Zoom’s Attention-Tracking Feature Is Ripe for Misuse inputmag.com

Mehreen Kasana, Input:

With bosses increasingly requiring their workers to turn to remote conferencing, Zoom gives administrators full power to track attendees’ attention with an indicator that points out when a participant doesn’t have the app “in focus” for more than 30 seconds. Privacy organizations like EPIC have previously criticized this tool in an official complaint to the Federal Trade Commission, noting that it bypasses browser security and gives access to users’ web cameras without their knowledge.

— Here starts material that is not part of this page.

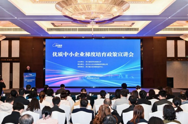3月4日,四川省中小企业政策服务市州行活动——优质中小企业梯度培育政策宣讲会在成都举行。本次活动为期两天,由四川省经济和信息化厅主办,四川中小企业信息服务有限公司承办,聚焦优质中小企业梯度培育工作,开展政策解读与专业辅导,旨在帮助各级中小企业主管部门准确把握最新政策方向、提升服务能力,同时引导广大中小企业明晰政策要点、坚定发展信心,为全省中小企业高质量发展蓄势赋能。来自全省各地的专精特新中小企业代表、经济和信息化主管部门负责人、产业园区相关负责人近500人参加。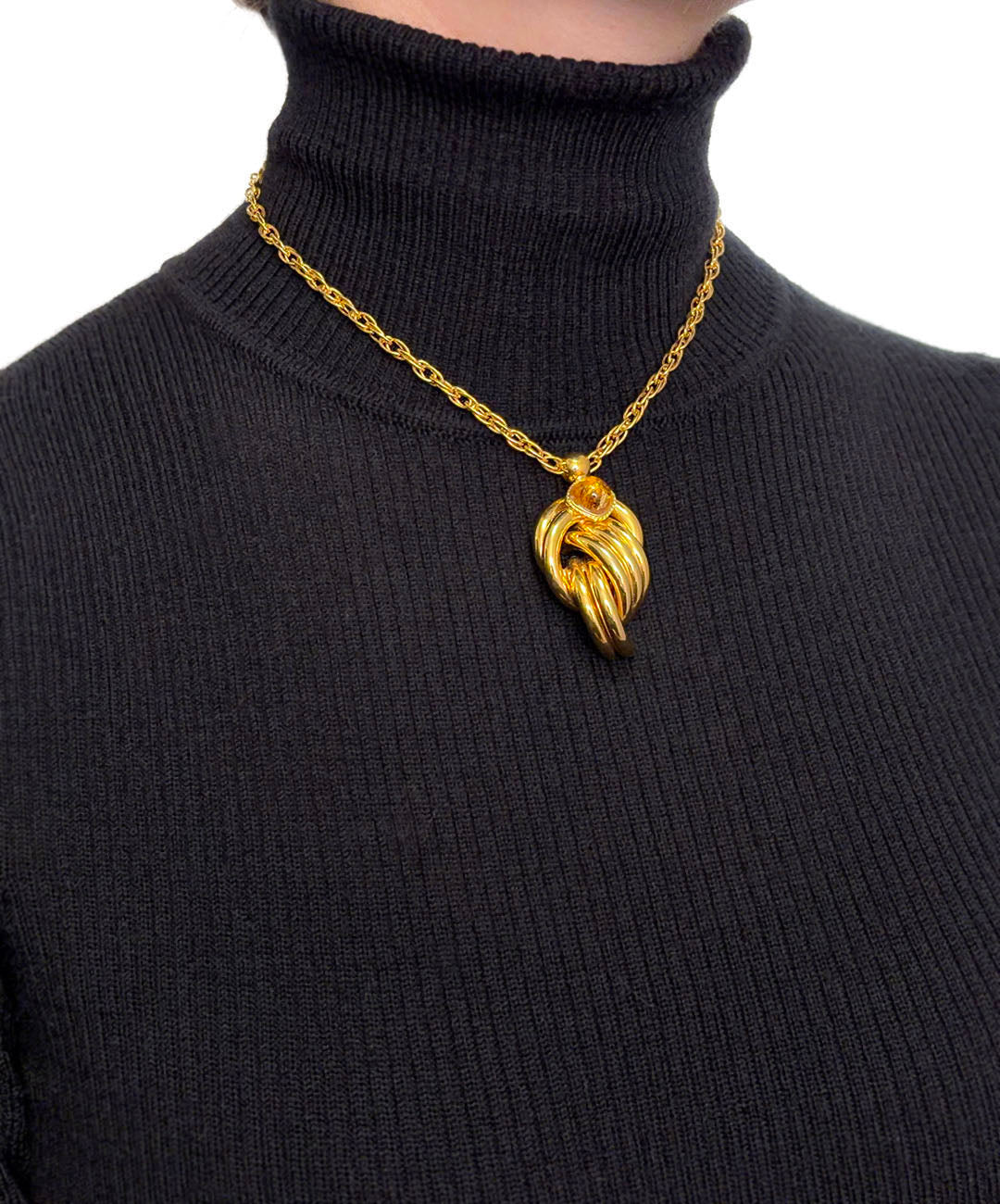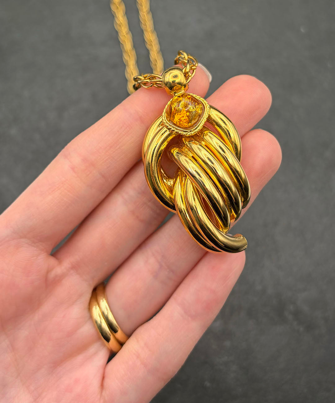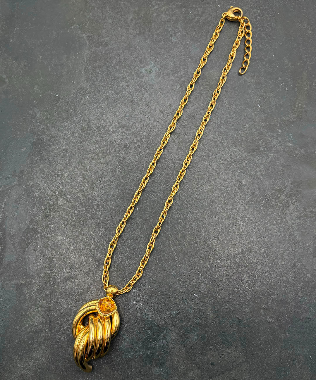 ゴールドトーンのクラシカルなデザインチェーンに、クッションシェイプのアンバーカボションガラスがセットされた、アブストラクトモチーフペンダントがあしらわれています。

D’Arcy Norman has an excellent walkthrough of Zoom’s preferences, including how to turn this feature off. It’s possible to turn it off organization-wide — slip your IT department a pack of decent beer and I’m sure that can happen.

Samantha Cole, Vice:

On Twitter, people are finding ways to use the Zoom Rooms custom background feature to slap an image of themselves in their frames. You can record a short, looping video as your background, or take a photo of yourself looking particularly attentive, depending on the level of believability you’re going for. Zoom says it isn’t using any kind of video or audio analysis to track attention, so this is mostly for your human coworkers and boss’ sake. With one of these images on your background, you’re free to leave your seat and go make a sandwich while your boss thinks you’re still there paying attention.

It’s like the security camera trick from every heist movie. Just be careful not to walk back into the frame.